As humans dump waste products, use chemicals, and over fish in the oceans and seas, areas of beauty such as coral reefs are damaged. At times the destruction is so great that is cannot be reversed. We are killing our planet and the consequences are tremendous.
“Earth provides enough to satisfy every man’s needs, but not every man’s greed.” – Mahatma Gandhi
Various laws has been framed in India for the protection of environment.
i) Section 268 to 290 of Indian Penal Code deals with public nuisances. Public nuisance means pollution of air, water, blasting, excessive smoke, filth and other polluting activities.
ii) Section 133 and 143 of Code of Criminal Procedure Code and Section 91 of Code of Civil Procedure envisages that a person may approach a Magistrate and District Judge respectively by filing a complaint or petition about the public nuisance.
iii) Under Law of Torts, special damage can be claimed from nuisance maker/violator of environment.
iv) The Water (Prevention and Control of Pollution) Act’1974,
v) The Environment Protection Act’1986,
vi) Wildlife (Protection) Act’1972,
vii) The Air (Prevention and Control of Pollution Act’1981
At one point of time, the damage caused to the environment reaches a stage wherein the environment can’t attain the required balance on its own. In such a situation, we humans need to step in, and ensure that the damage is curbed, and the balance is attained. Simple measures, such as conservation of electricity, use of alternative energy sources, avoiding the use of things that pollute the environment, soil conservation etc., can help in saving the environment from the threat of degradation. Environmentalists, the world over, are trying their best to save our environment, and we need to do our bit to make sure that they succeed. The need of the hour is to identify the causes of environmental degradation, and eliminate them one by one.
“What is the use of a house if you haven’t got a tolerable planet to put it on? “- Henry David Thoreau
We need to understand the fact that we are a part of the interwoven life system on the planet, and any problems, like environmental degradation and environmental pollution, are bound to affect us directly or indirectly. Though the disaster is not expected to happen tomorrow or a hundred years from now, that doesn’t mean it will never happen at all. That being said, the onus is on us – the most intelligent species on the planet, to make such problems are kept at bay.
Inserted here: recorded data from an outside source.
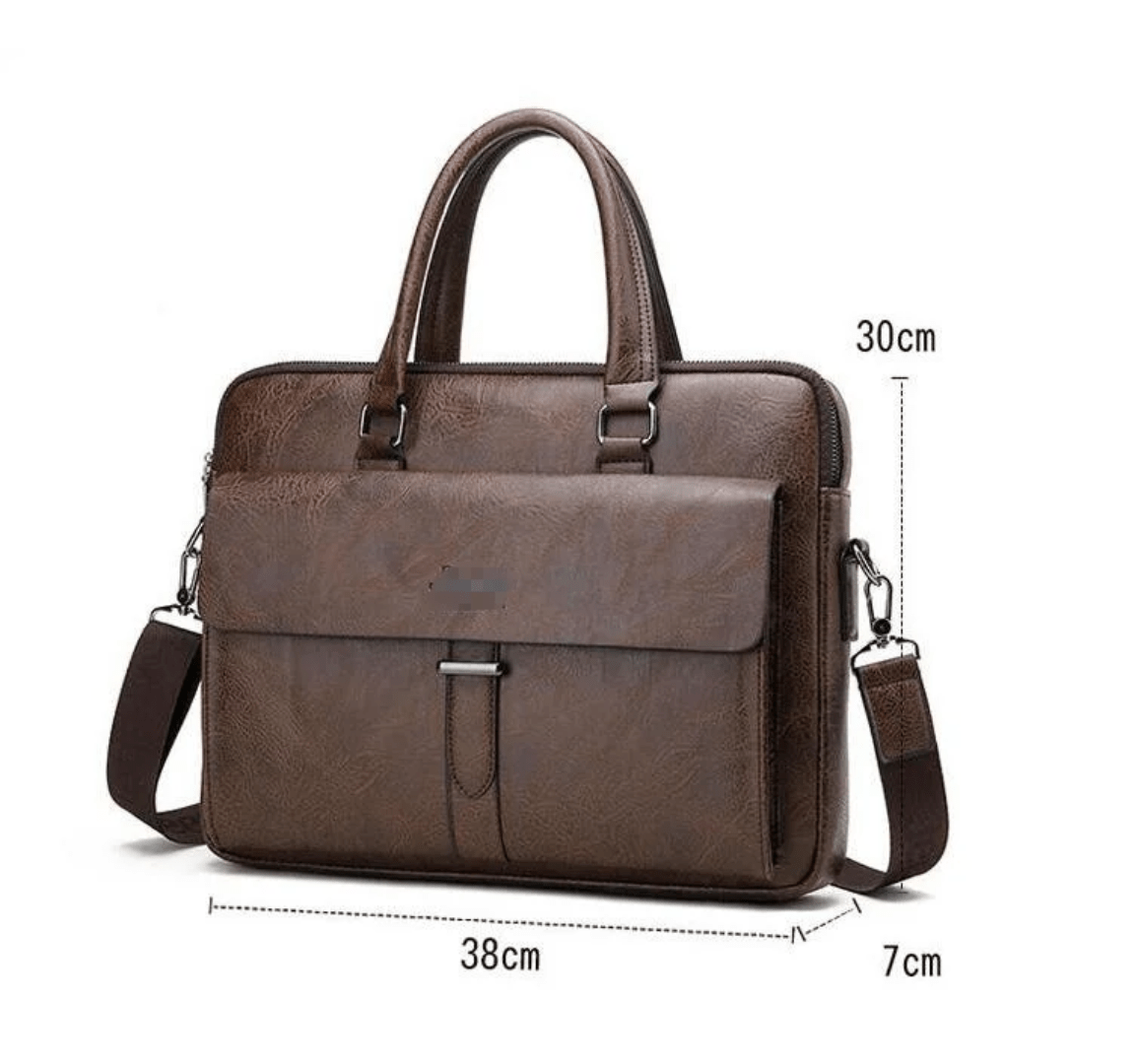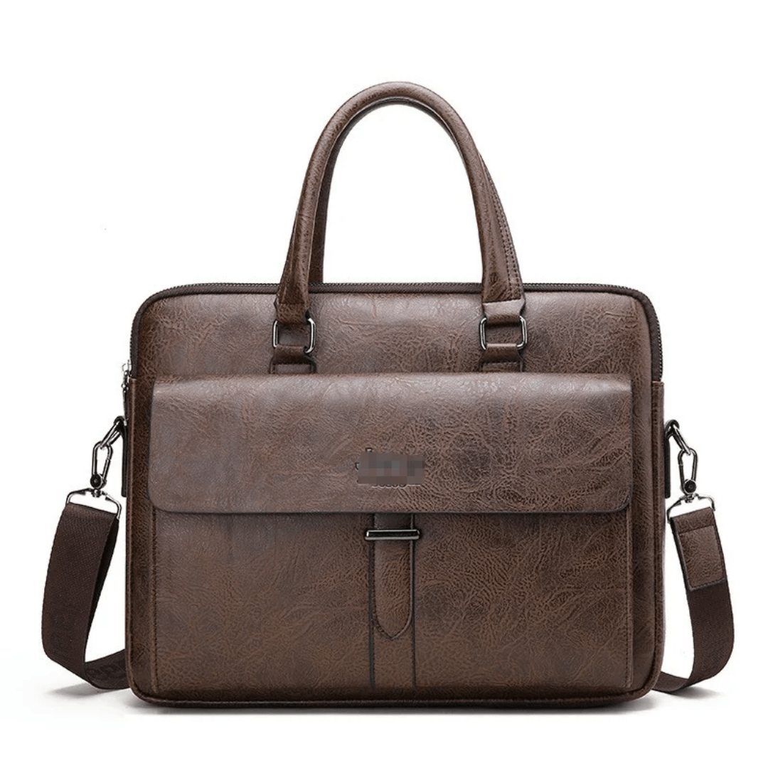 Crafted from textured leather with dual handles and a detachable shoulder strap, it’s designed for professionals who value both form and function. The spacious interior accommodates laptops, documents, and daily essentials, making it ideal for work, travel, or study.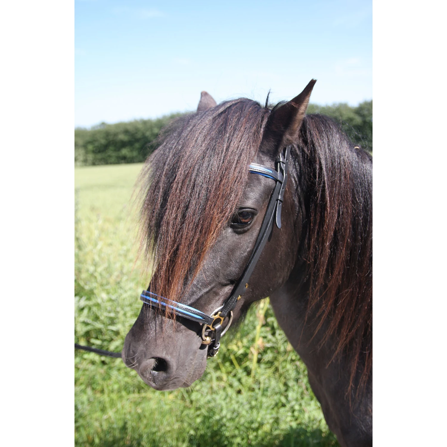 Das New Style Reithalfter ist Teil einer Farbkollektion in weicher Qualität mit Messingbeschlägen.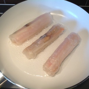 В сковороде разогреть растительное масло и обжарить спринг-роллы в масле по 1 минуте с каждой стороны.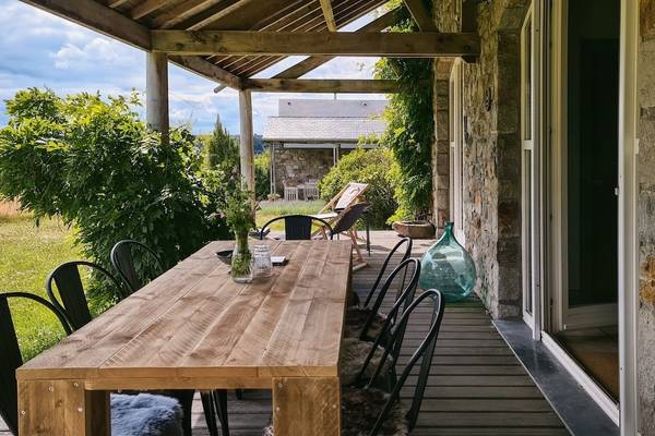 Le style rural de la maison s'intègre harmonieusement à son environnement. Le grand jardin avec sa véranda couverte vous invite à profiter du paysage ardennais en toute saison. Grâce à la tonte limitée de l'herbe autour de la maison, le jardin s'intègre parfaitement dans les prairies et les vallées environnantes.

The impact of environmental disasters can be devastating on the social, economic, and environmental systems of a country or region as well as the global ecosystem. Environmental disasters do not recognize man-made borders, and threaten the legacy left to future generations of a clean and supportive environment. Because of the interdependency of earth ecosystems international co-operation is paramount to prevent, and when disaster strikes, respond to relieve quickly and effectively the effects of environmental disasters. Thus, Governments, International organizations and communities must work together – at all levels – to lessen the risks associated with environmental degradation and its contributing factors, such as climate change, and ensure that vulnerable people are prepared to survive and adapt. At the same time, companies, organizations and individuals must also ensure that their work is environmentally friendly and sustainable.
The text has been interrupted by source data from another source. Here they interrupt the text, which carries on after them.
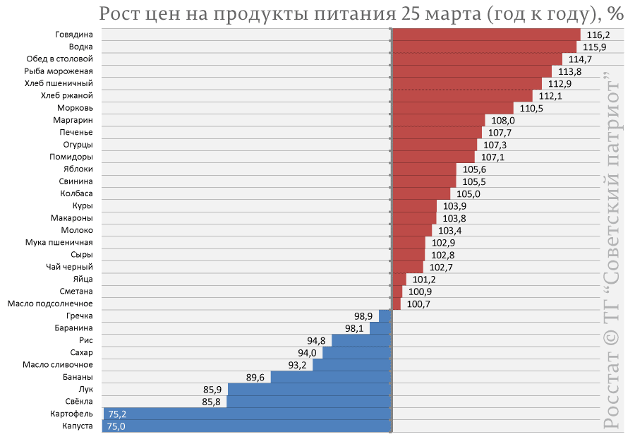 Есть такое выражение, что бухать дешевле, чем нормально есть. Но прежде чем поговорим об этом, я хочу показать, как ведут себя цены на продукты питания в годовом интервале, т.е. насколько они выросли (или упали) относительно конца марта прошлого 2025 года.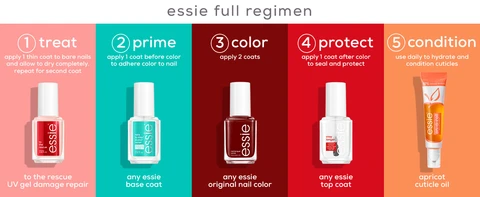 For the perfect manicure, apply one coat of any of Essie base coats on nails. Follow with two coats of Essie original nail color. Finish with any one of Essie's top coats.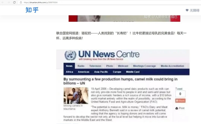 以上图文章为例,它原意为推广骆驼奶制品,以缓解干旱、贫瘠地区的人们食物紧张问题和增加收入。然后它被人为刻意曲解,“变”成联合国对骆驼奶医疗和养生价值的“肯定”。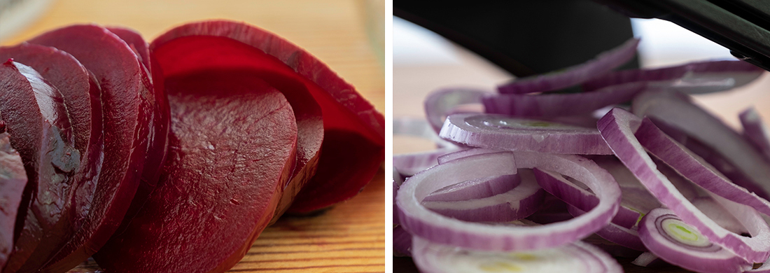 - I use a mandoline to slice the beetroot and oions, so they are the same width.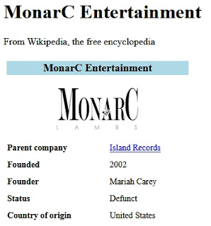 Notice how Mariah 'MonarCh' Carey's label shows MonarC LAMBS - and via Island Records.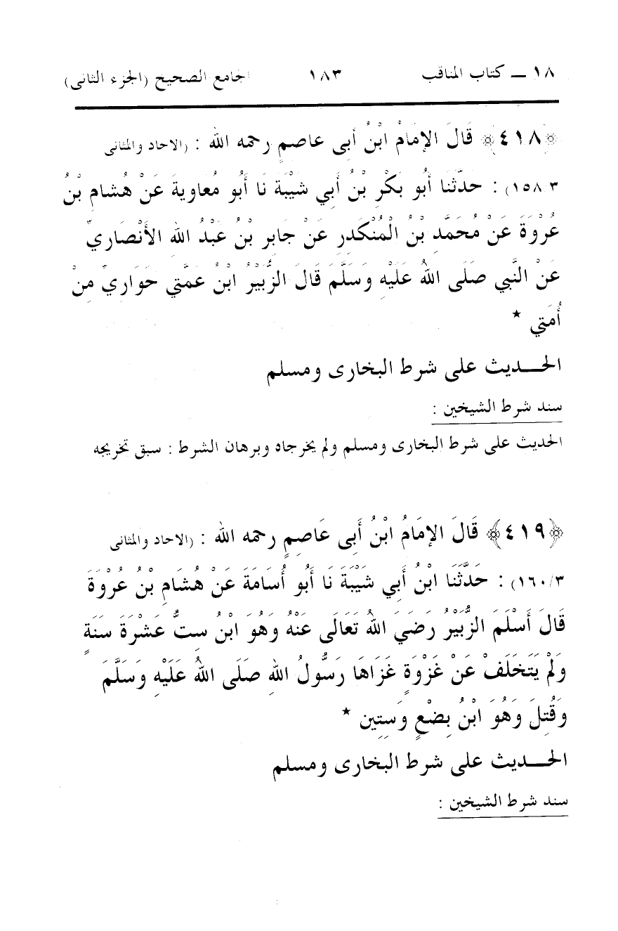 418 - قَالَ الإمَامُ ابْنُ أَبِى عَاصِمٍ رحمه الله: (الاحاد والمثانى 3/ 158): حَدَّثَنَا أَبُو بَكْرِ بْنُ أَبِي شَيْبَةَ نَا أَبُو مُعَاويةَ عَنْ هُشَامِ بْنُ عُرْوَةَ عَنْ مُحَمَّدِ بْنُ الْمُنْكَدِرِ عَنْ جَابِر بْنُ عَبْدُ اللهِ الأَنْصَاريِّ عَنْ النَّبي صَلَى اللهُ عَلَيْهِ وَسَلَّمَ قَالَ الزُّبَيْرُ ابْنُ عَمَّتي حَوَارِيِّ مِنْ أُمَتي *

“We won’t have a society if we destroy the environment.”-Margaret Mead
There are ways which we can help to decrease degradation in our environment. Some of these include;
- Purchase recycled products
- Conserve water
- Do not litter or toss waste into inappropriate places
- Conserve energy
- Join an awareness group
- Talk with others about the impacts of environmental degradation
- “Be an advocate to save our planet!”